[DATA SHOWN]
--- START ---

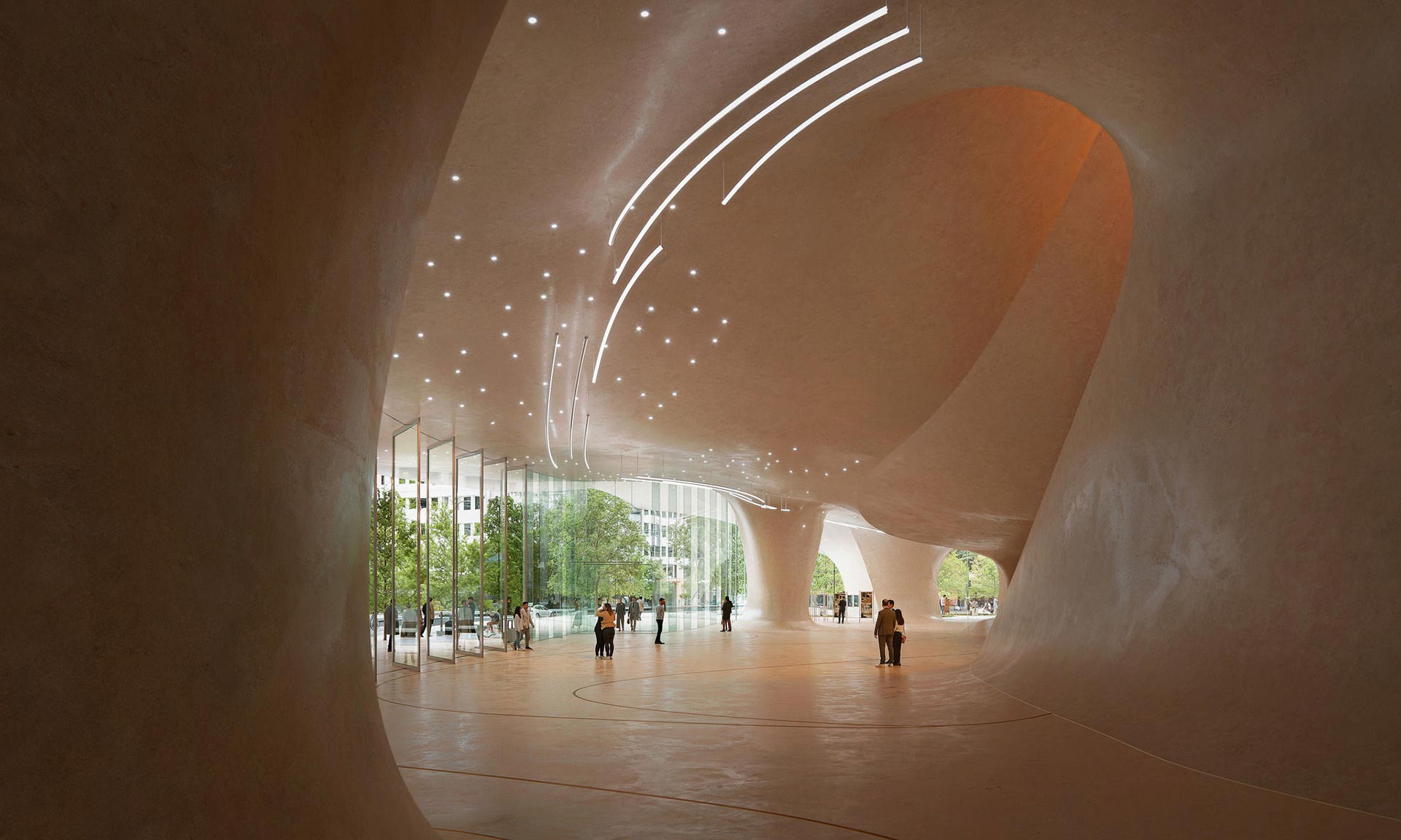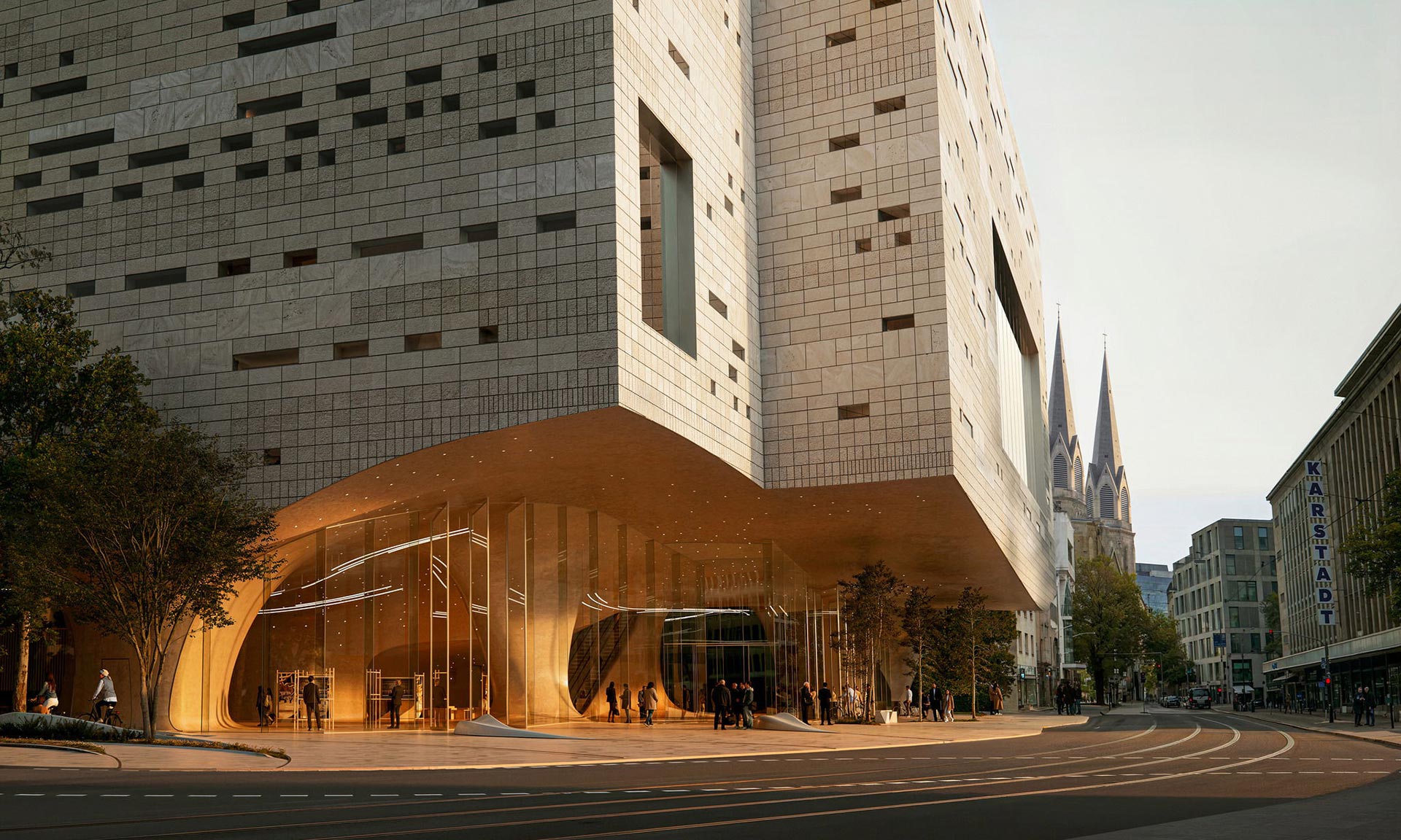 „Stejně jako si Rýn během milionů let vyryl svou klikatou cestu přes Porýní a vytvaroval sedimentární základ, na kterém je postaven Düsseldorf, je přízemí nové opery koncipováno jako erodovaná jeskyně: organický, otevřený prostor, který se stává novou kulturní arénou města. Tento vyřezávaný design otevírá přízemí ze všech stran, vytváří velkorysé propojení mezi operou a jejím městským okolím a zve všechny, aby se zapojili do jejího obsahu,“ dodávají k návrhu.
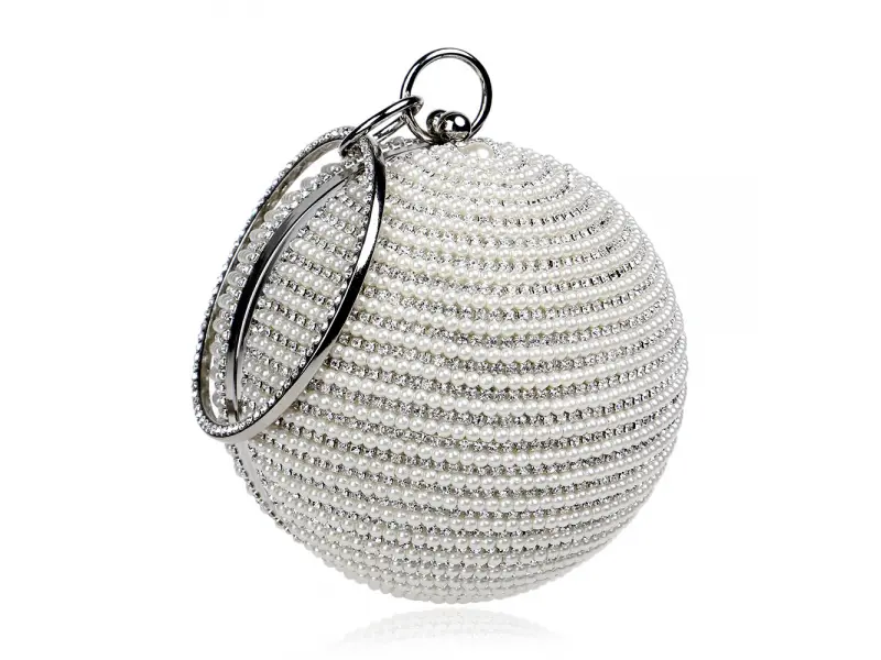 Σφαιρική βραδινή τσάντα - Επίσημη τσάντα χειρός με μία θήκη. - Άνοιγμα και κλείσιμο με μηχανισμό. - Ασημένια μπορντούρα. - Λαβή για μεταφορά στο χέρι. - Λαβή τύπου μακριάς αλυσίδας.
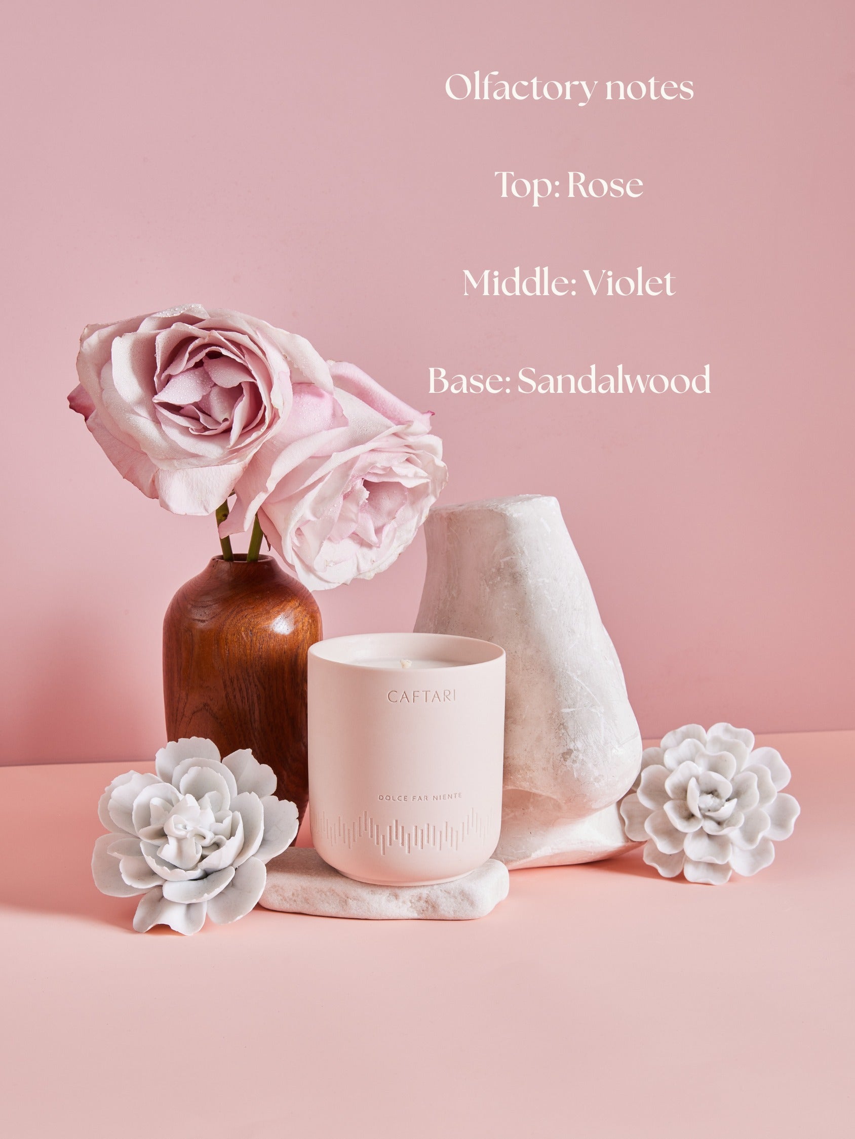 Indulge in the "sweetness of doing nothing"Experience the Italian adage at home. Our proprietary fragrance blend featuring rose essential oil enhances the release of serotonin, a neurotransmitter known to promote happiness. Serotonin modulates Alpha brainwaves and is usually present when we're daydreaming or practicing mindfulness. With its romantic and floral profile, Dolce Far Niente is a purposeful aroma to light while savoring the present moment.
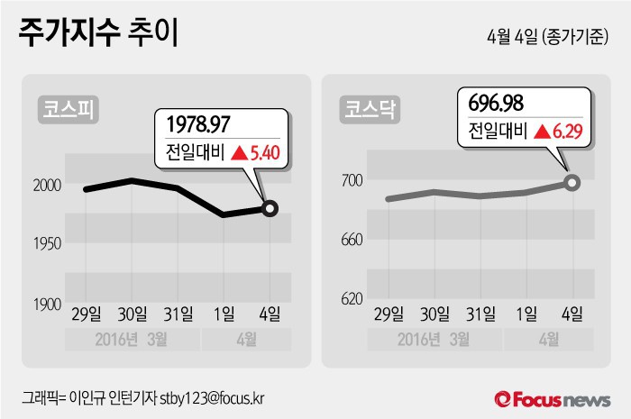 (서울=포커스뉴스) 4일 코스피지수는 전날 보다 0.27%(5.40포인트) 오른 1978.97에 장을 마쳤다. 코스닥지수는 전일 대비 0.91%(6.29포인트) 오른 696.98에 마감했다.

--- END ---

[TASK GOAL]
Transcribe the whole listing exactly. Pictures stay out of your copy.

[YOUR SOLUTION]
 „Stejně jako si Rýn během milionů let vyryl svou klikatou cestu přes Porýní a vytvaroval sedimentární základ, na kterém je postaven Düsseldorf, je přízemí nové opery koncipováno jako erodovaná jeskyně: organický, otevřený prostor, který se stává novou kulturní arénou města. Tento vyřezávaný design otevírá přízemí ze všech stran, vytváří velkorysé propojení mezi operou a jejím městským okolím a zve všechny, aby se zapojili do jejího obsahu,“ dodávají k návrhu.
 Σφαιρική βραδινή τσάντα - Επίσημη τσάντα χειρός με μία θήκη. - Άνοιγμα και κλείσιμο με μηχανισμό. - Ασημένια μπορντούρα. - Λαβή για μεταφορά στο χέρι. - Λαβή τύπου μακριάς αλυσίδας.
 Indulge in the "sweetness of doing nothing"Experience the Italian adage at home. Our proprietary fragrance blend featuring rose essential oil enhances the release of serotonin, a neurotransmitter known to promote happiness. Serotonin modulates Alpha brainwaves and is usually present when we're daydreaming or practicing mindfulness. With its romantic and floral profile, Dolce Far Niente is a purposeful aroma to light while savoring the present moment.
 (서울=포커스뉴스) 4일 코스피지수는 전날 보다 0.27%(5.40포인트) 오른 1978.97에 장을 마쳤다. 코스닥지수는 전일 대비 0.91%(6.29포인트) 오른 696.98에 마감했다.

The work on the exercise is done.